Landfilling of tires is a major problem as tires come up to the top of landfill and can damage caps and liners. Tires are not desired at landfills because of their large volumes and 75% void space which quickly consumes valuable space. Many countries in North America and Europe have banned landfilling of whole tires and made recycling mandatory.

Tire recycling is the process of recycling vehicles’ tires that are no longer suitable for use on vehicles due to wear or irreparable damage (such as punctures). These tires are among the largest and most problematic sources of waste, due to the large volume produced and their durability. There are three major technologies for recycling of waste tires – ambient mechanical grinding, cryogenic grinding and pyrolysis.

Ambient mechanical grinding

In ambient mechanical grinding process, the breaking up of a scrap tire happens at ambient temperature. Tires are passed through a shredder, which breaks the tires into chips. The chips are fed into a granulator that breaks them into small pieces while removing steel and fiber in the process. Any remaining steel is removed magnetically and fiber through a combination of shaking screens and wind sifters. Finer rubber particles can be obtained through further grinding in secondary granulators and high-speed rotary mills.

Cryogenic grinding

Cryogenic grinding refers to the grinding of scrap tires at temperatures near minus 80oC using liquid nitrogen or commercial refrigerants. Cryogenic processing generally uses pre-treated car or truck tires as feedstock, most often in the form of chips or ambiently produced granulate.

When the tires are exposed to such low temperatures, they become brittle and can be easily crushed and broken. It can be a four-phase system which includes initial size reduction, cooling, separation, and milling. This process requires less energy than others and produces rubber crumb of much finer quality.

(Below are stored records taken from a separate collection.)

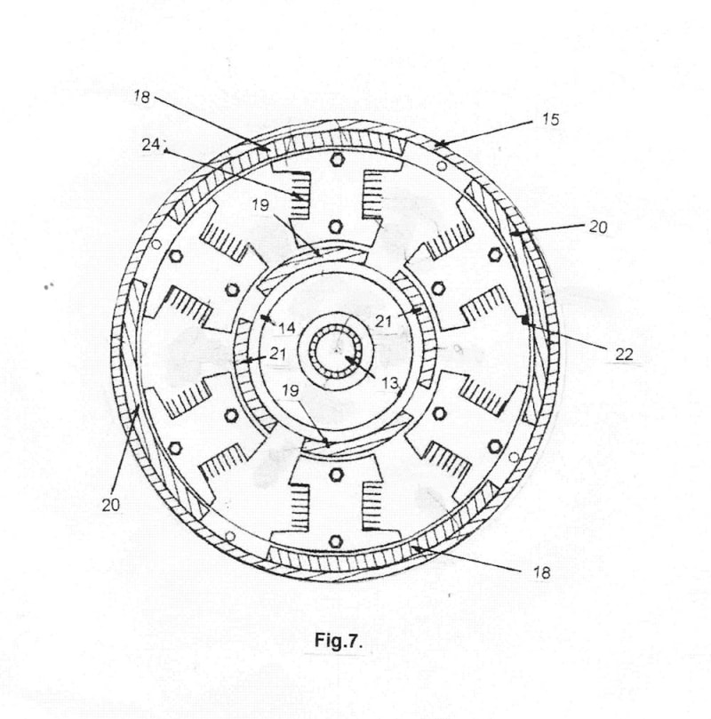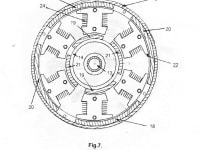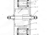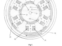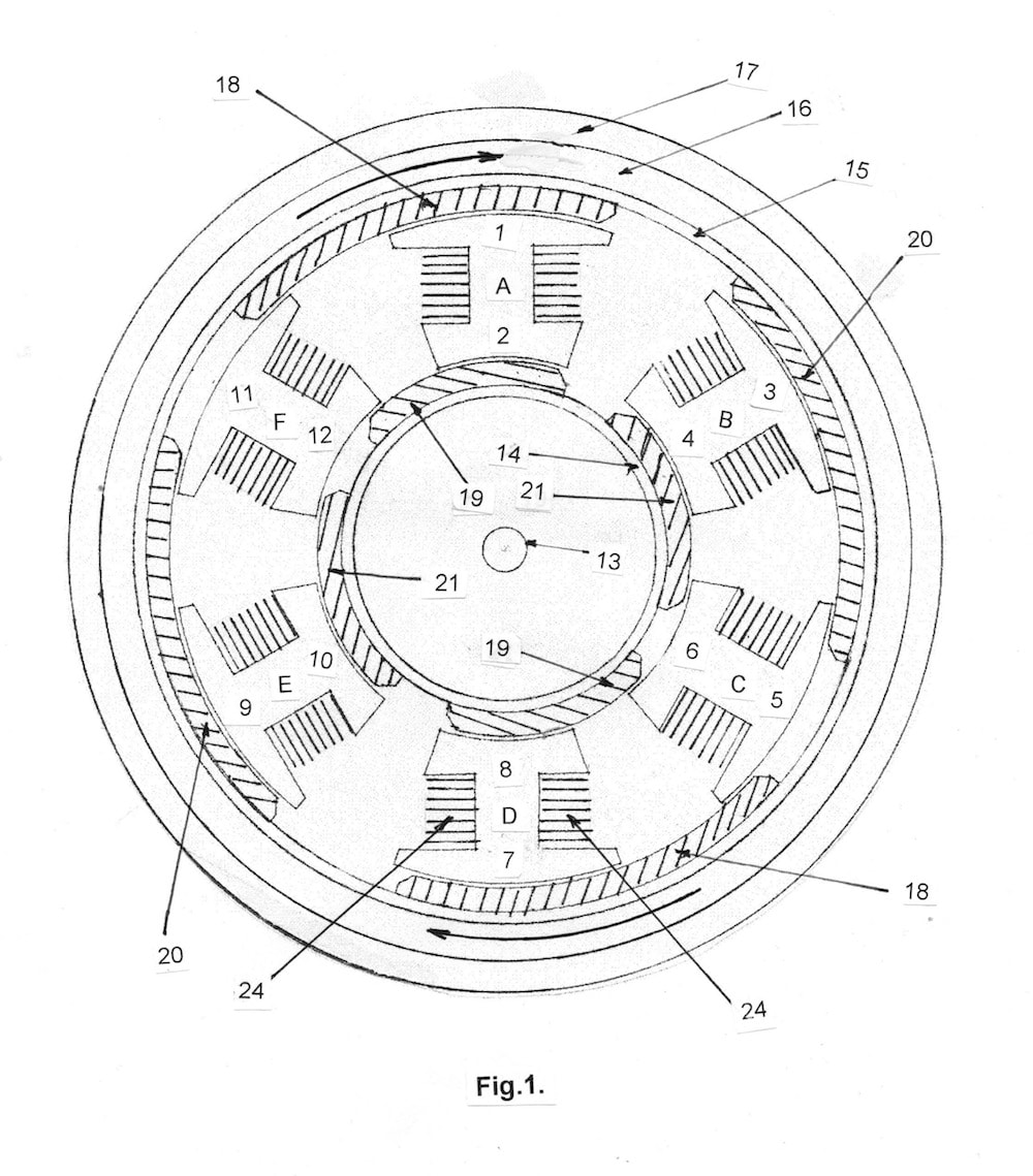 There have been many types of electric gear boxes and clutch systems, but they all use gears to mesh with one another, with friction pads or friction pads for the clutch, they tend to be complicated specialized mechanical equipment, this invention is a unique and innovative way of achieving both, giving a frictionless high performance, low cost, virtually maintenance free way of achieving both applications. By using the technology in US patent no.6.812,615 for an electric motor, which effectively uses both sides of the energised coil. There are 1.2 Billion Vehicles on the Worlds Roads with 253 Million cars and trucks on U.S. roads, plus there are many more application for the use of a gear box and clutches, planes, helicopters, wind turbines and other industrial eqipment are but a few. The system provides a means of forward and reverse propulsion and a means to slowing or braking of the rotor, in a gear box or clutch system in a in hub electric motor attached to a wheel. The system is housed with one part fitted with energised coils, which can also rotate, with the electric current suppied through slip rings, while the rotor is fitted with permanent magnets. To understand this invention if you isolate energised coil A and look at the end 1 Fig.1, and nominate it as a North magnetic pole, the permanent magnet 18 has a inside face of a South magnetic pole, the permanent magnet 18 will be attracted to the energised coil end 1, the permanent magnet 18 is now aligned over the center of the energised coil end 1, the direction of the electric current is change in energised coil A by the commutator or electronic controller, which now becomes a South magnetic pole, and as like magnetic poles repel, the permanent magnet 18 is repelled the inertia of the permanent magnet 18 would also have an effect on keeping it moving in the same direction. That is how an electric motor works, but to under stand how the electric brake works we again look at the energised coil A end 1, which is now a South magnetic pole, like magnetic poles repel, so the permanent magnet 18 would like to be repelled, but is forced in the direction of rotation by either inertia or friction, towards the center of the energised coil A end when it is over the center of end 1, the commutator or electronic controller changes the direction of the electric current, so now the magnetic pole at end 1 is now a North magnetic pole, and unlike magnetic poles attract, but the permanent magnet 18 is forced to move in the direction of rotation as the constant magnetic force is applied to stop the rotation of the permanent magnet 18, it will stop rotating and remain stationary, the force of braking is dependent on the amount of electric current and voltage applied, but it will be equal to the force and torque of the electric motor.
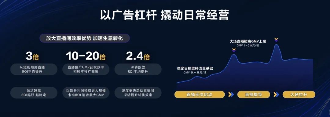 在此基礎(chǔ)上,適時利用巨量引擎的廣告投放就可以撬動更多流量,讓經(jīng)營更上一層樓。商家進行直播加熱后,GMV的獲取效率可以提升10-20倍,通過廣告撬動日常經(jīng)營的杠桿作用可見一斑。
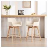 Lovetro Swivel Full Back Arms Upholstered 25.8"H Counter Stool with Solid Rubberwood Frame and Gold Footrest (Set of 2)
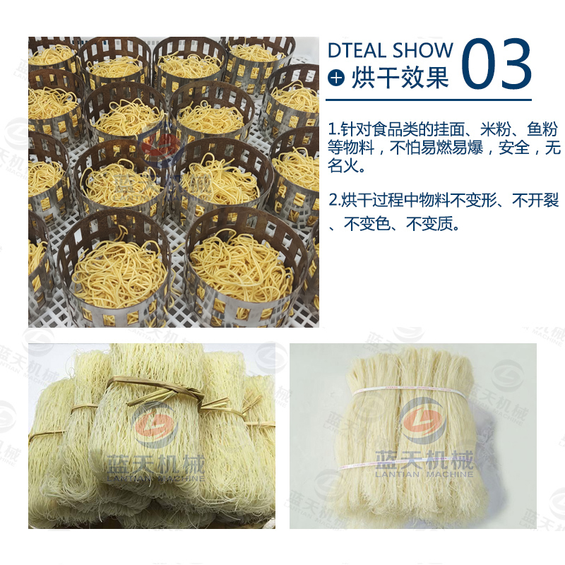 ④不同地域和米粉的種類(lèi)不同,一般使用米粉烘干機(jī)設(shè)備的烘干時(shí)間在8-12小時(shí)。這樣烘干出的米粉不變色,不會(huì)斷,干度均勻,口感佳,復(fù)水性好!同樣適用于面條、紅薯粉等烘干處理。
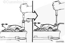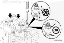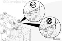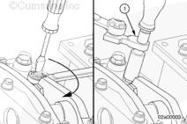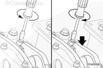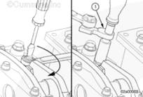 如果沒有拆下搖臂并再次安裝,在有問題的兩個氣缸上擺動氣門搖臂。如果感到氣缸的兩個搖臂都已松動,則可以開始調節(jié)其跨接壓板和氣門。
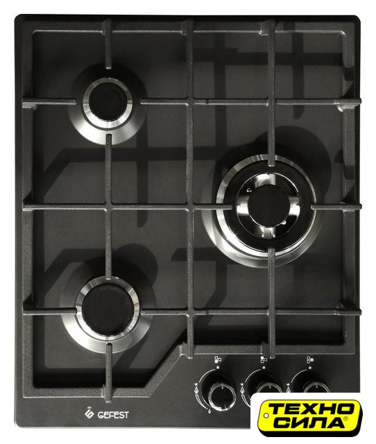 газовая на 3 конфорки, закаленное стекло, мощность: 6200 Вт, автоматический электроподжиг, газ-контроль, решетки: чугун, независимая установка, размеры (ШхГ): 45x51 см
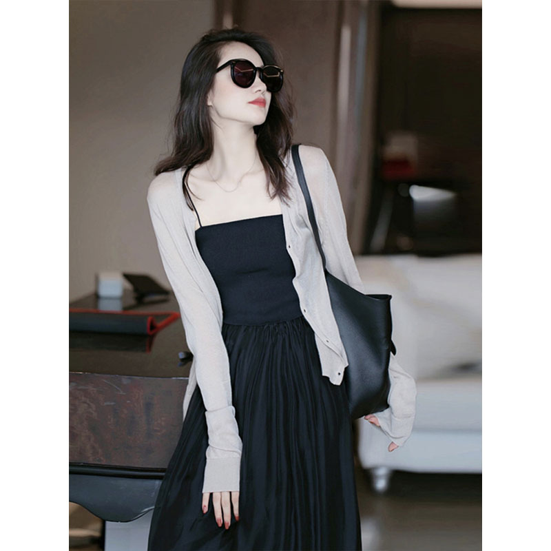 | nameOriginal | Ice Silk Thin Knitted Sunscreen Cardigan Jacket Women's Summer Shawl with Sling Skirt Outer Blouse Air Conditioning Top |
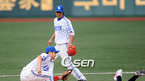 '2008 삼성 PAVV 프로야구' 두산베어스와 삼성 라이온즈 플레이오프 3차전 경기가 19일 대구야구장에서 열렸다. 1회초 무사 1루 오재원 타석때 1루 주자 두산 이종욱 2루 도루 아웃되고 있다./대구=김영민 기자ajyoung@osen.co.kr [Copyright ⓒ 한국 최고의 스포츠 엔터테인먼트 전문 미디어...
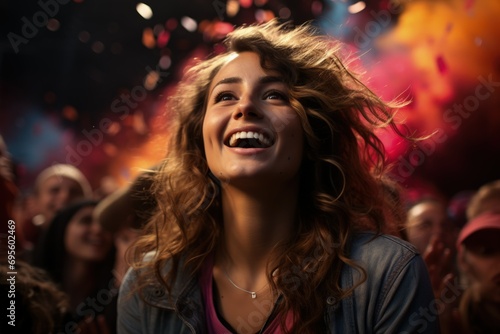 festival, joy, woman, smile, celebration, happiness, euphoria, crowd, party, vibrant, laughter, cheerful, ecstatic, event, energy, music, fun, exuberant, lively, entertainment, concert, enjoyment, festive, glowing, jubilant, expressive, carefree, bliss, excited, youth, revelry, atmosphere, social, radiant, nightlife, jubilation, communal, energetic, delight
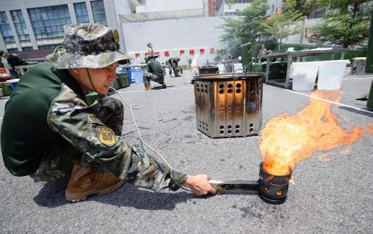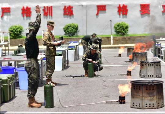 打开给养单元集成箱,提锅、支架、拿油罐、接油管……不到一分钟,一个个野战炊事灶台架设完毕,最快用时仅47秒。这是近日武警广东总队“十大炊事尖兵”大比武中的一幕。据悉,此次比武以野战给养单元为炊事基础,以战领建、以赛促训,全面检验和淬炼炊事保障队伍单兵综合能力。
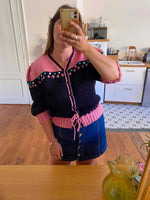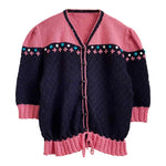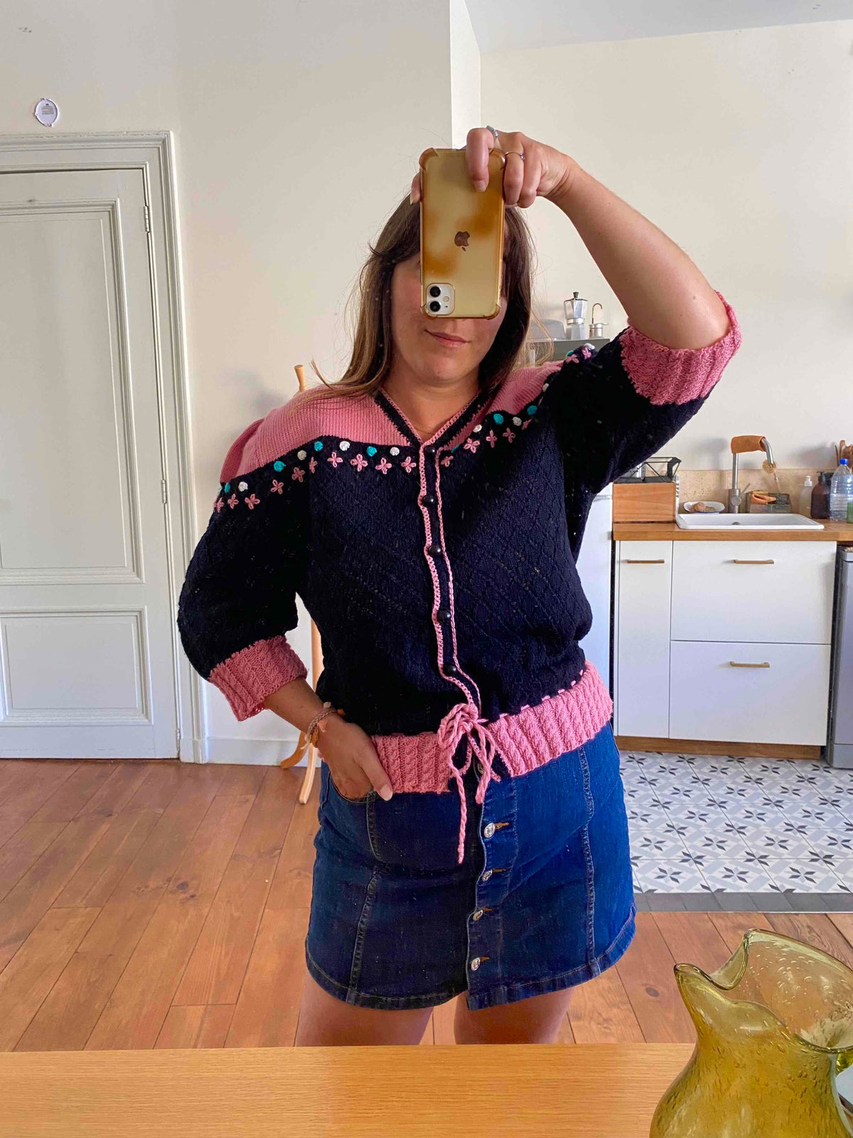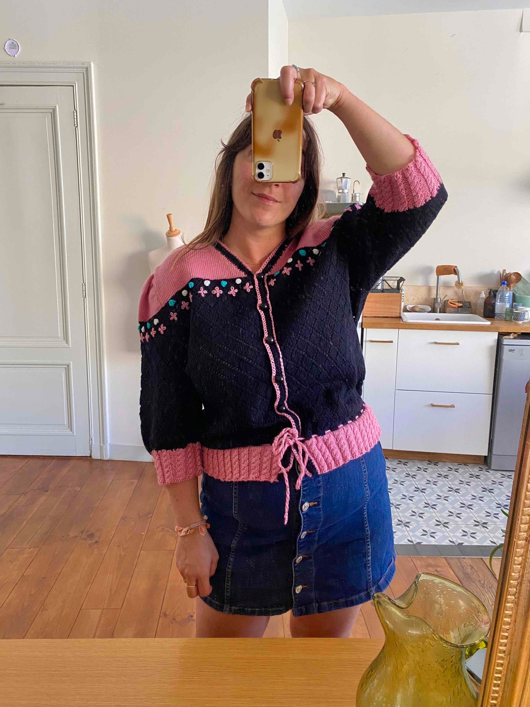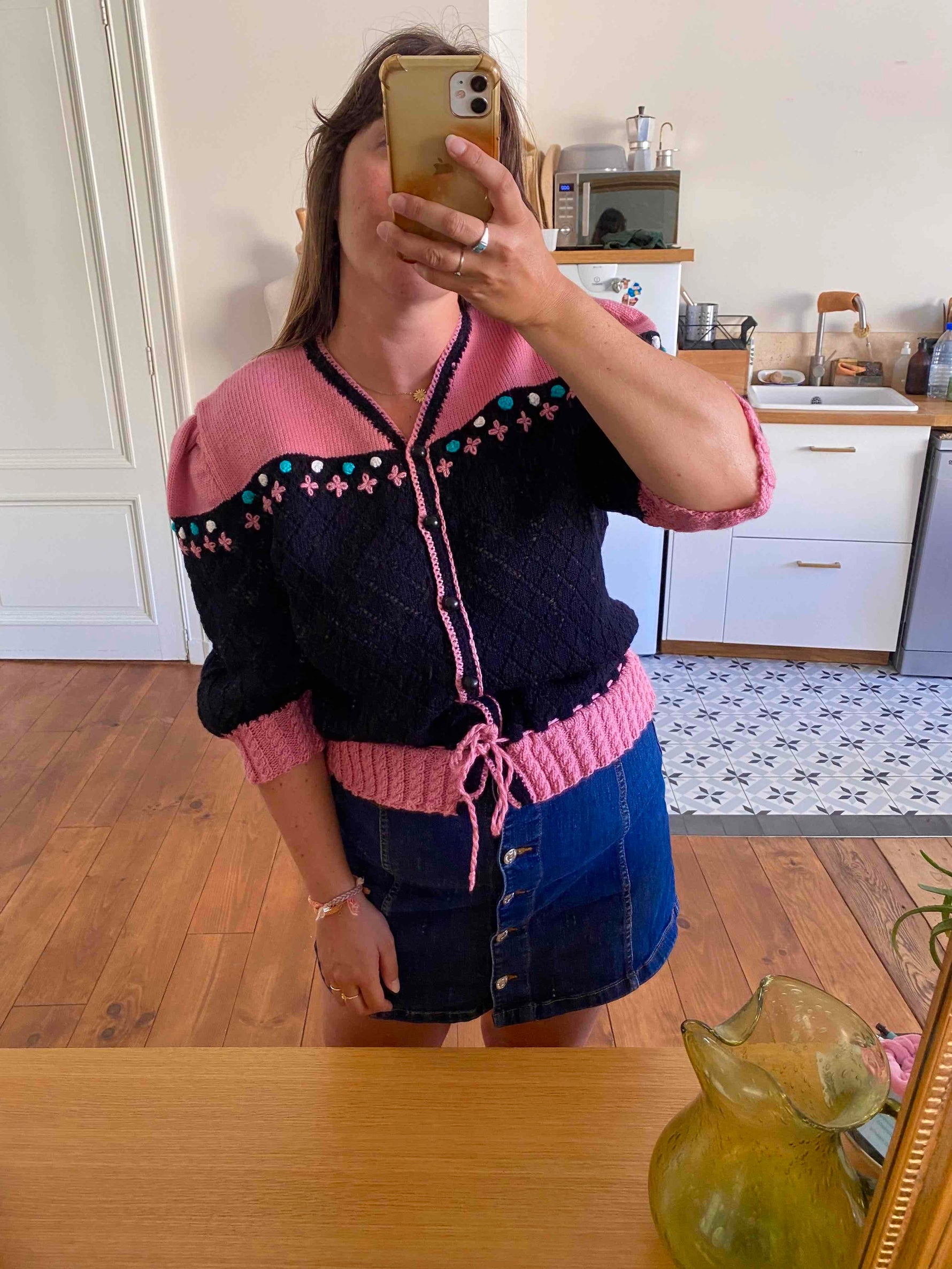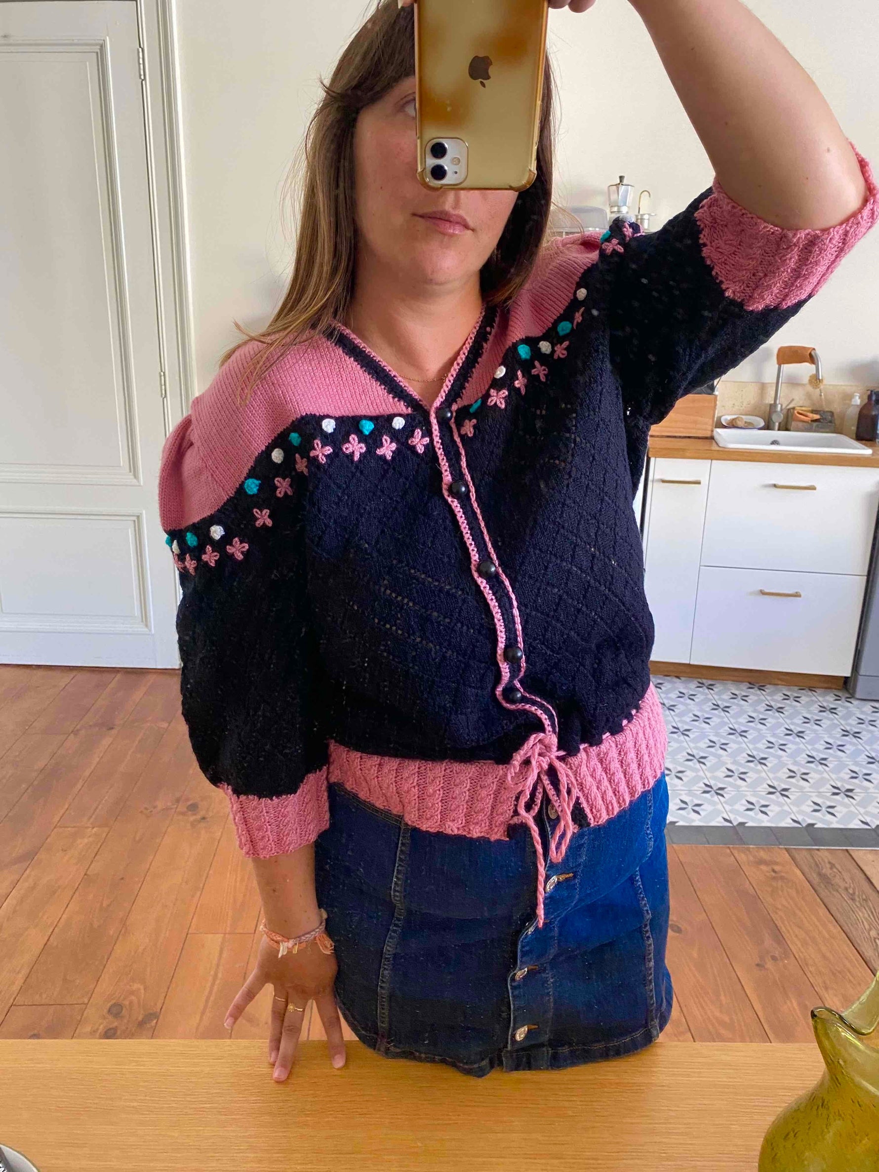 Prix unitaire parCardigan autrichien manches ballons 3/4 en laine, maille noire ajourée losanges, et rose poudré, brodé de fleurs roses, blanches et menthe, cordon à nouer taille, tricoté et brodé mains en Autriche, taille 40 porté ici sur une personne T40.
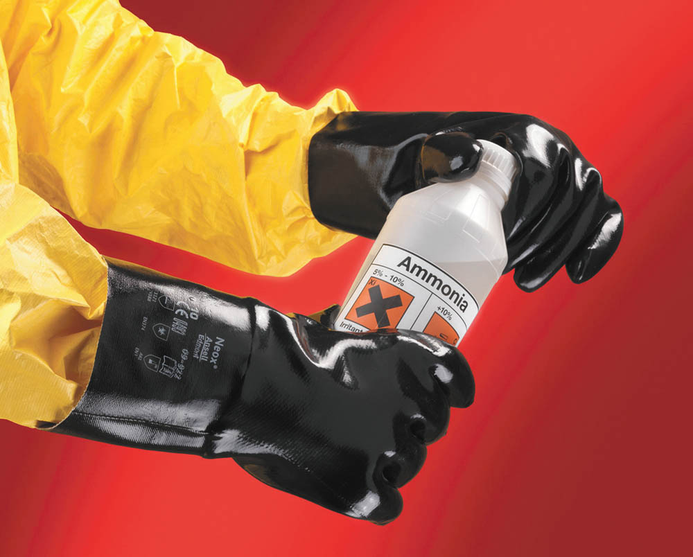Rukavice z prošívaného bavlněného úpletu, máčené v neoprenu, v celkových délkách 30,5 cm, 35,5 cm, 45,5 cm and 78,5 cm.

Pyrolysis of waste tires – A schematic

Rubber crumbs or crumb rubber, the product obtained from ambient/cryogenic grinding of scrap tires, is used for manufacture of new tires or in a variety of landscaping applications including path paving projects, playground surface cover, running tracks, and athletic field turfs.


Pyrolysis refers to the thermal decomposition of scrap tires either in the absence or lack of oxygen. Pyrolysis uses pre-treated car or truck tire chips as the principal feedstock. It is a two-phase treatment which uses thermal decomposition to heat the rubber in the absence of oxygen to break it into its constituent parts, e.g., tire-derived fuel (TDF), synthetic gas and char. Cracking and post-cracking take place progressively as the material is heated to 450-500 °C and above.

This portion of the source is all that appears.